The study on the excreta of mice showed that anwulignan could be not detected in the urine of mice, but could be detected in the feces, which may be the result of the poor water solubility of anwulignan. It was found in this study that the concentration of anwulignan was highest in feces samples during 4–8 h after the intragastric administration, and anwulignan could still be detected during 12–24 h, further confirming that anwulignan may undergo an obvious enterohepatic circulation, combined with the previous results of this study. The total amount of anwulignan excreted from the body in the form of prototype drug was far less than the dosage, indicating that its excretion from the body is mainly through a metabolic elimination.

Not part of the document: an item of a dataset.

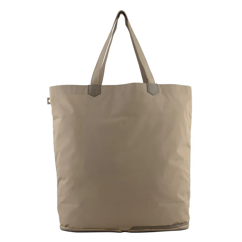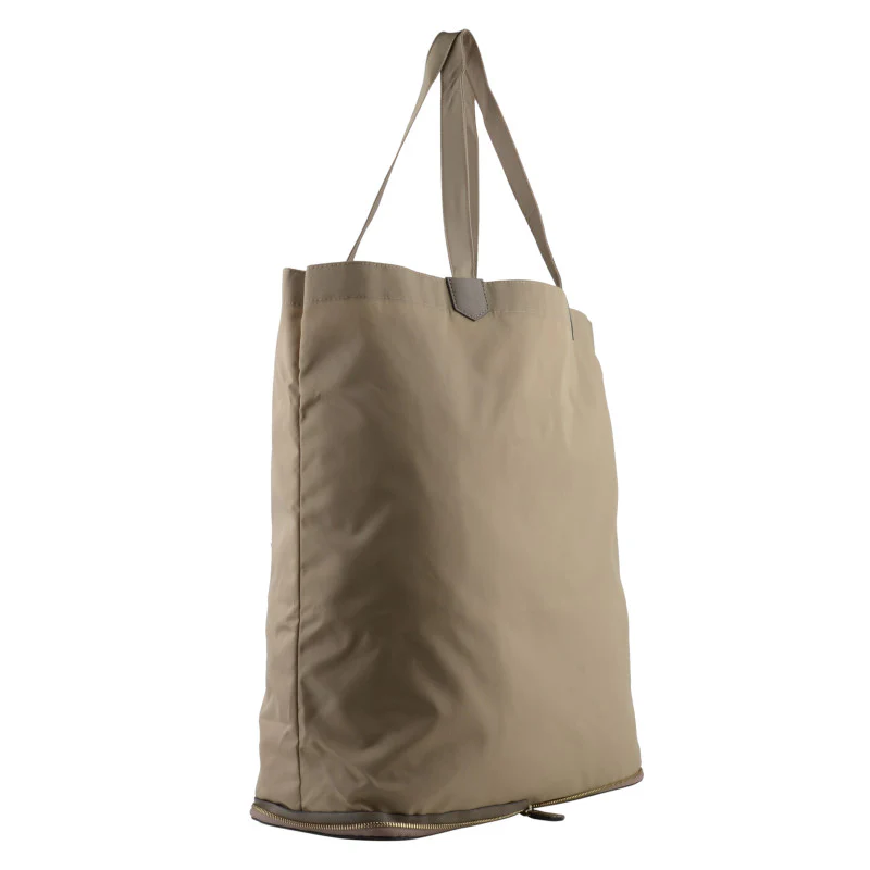 Les anses, renforcées et de couleur taupe plus claire, permettent un port à la main ou sur l’épaule, ajoutant ainsi une touche de sophistication. La fermeture éclair située au bas du sac assure la sécurité de vos effets personnels.

Seven metabolites of anwulignan were found in this study, of which only M2 was detected in the blood of mice and the other metabolites were found in the liver, suggesting that the main component of anwulignan to play a pharmacological role should be its prototype or M2 (except the liver), and the effect of the other metabolites should mainly act on the liver or act on the intestinal flora through the way of enterohepatic circulation, so as to indirectly exert its effect on other tissues and organs. Combined with the results of in vivo distribution experiment, anwulignan was primarily distributed in the liver after entering the body, and its metabolites were also primarily distributed in the liver, indicating that the liver may be the main organ in which anwulignan can play a role. Some studies have found that anwulignan has an obvious inhibitory effect on carboxylesterases 2 in the liver, and the inhibitory effect is the strongest among many Schisandra lignans (Fu et al., 2019). Anwulignan is mainly metabolized in the way of demethylation, hydroxylation, dehydroxylation, and demethoxylation, and studies on other Schisandra lignans have also shown that demethylation and hydroxylation are the main metabolic ways of lignans (Liu et al., 2014; Su et al., 2016; Liu et al., 2019; Wang et al., 2020). It was the first time that the metabolites of anwulignan in the body of animals were studied, and the main metabolic pathways are shown in Figure 9.

FIGURE 9

Proposed metabolic pathway of anwulignan in mice. Note: * the potential metabolic site.

Conclusion

UHPLC-Q-Orbitrap-MS/MS was employed to investigate the pharmacokinetics and tissue distribution of anwulignan in mice. It was found that anwulignan was slowly absorbed in mice and widely distributed in various tissues and organs, especially in the liver. The main metabolites of anwulignan in vivo were analyzed for the first time, and seven metabolites were found. The results indicate that demethylation, hydroxylation, dehydroxylation, and demethoxylation may be the main metabolic ways of anwulignan, and the majority of its prototypes and metabolites may be excreted through feces.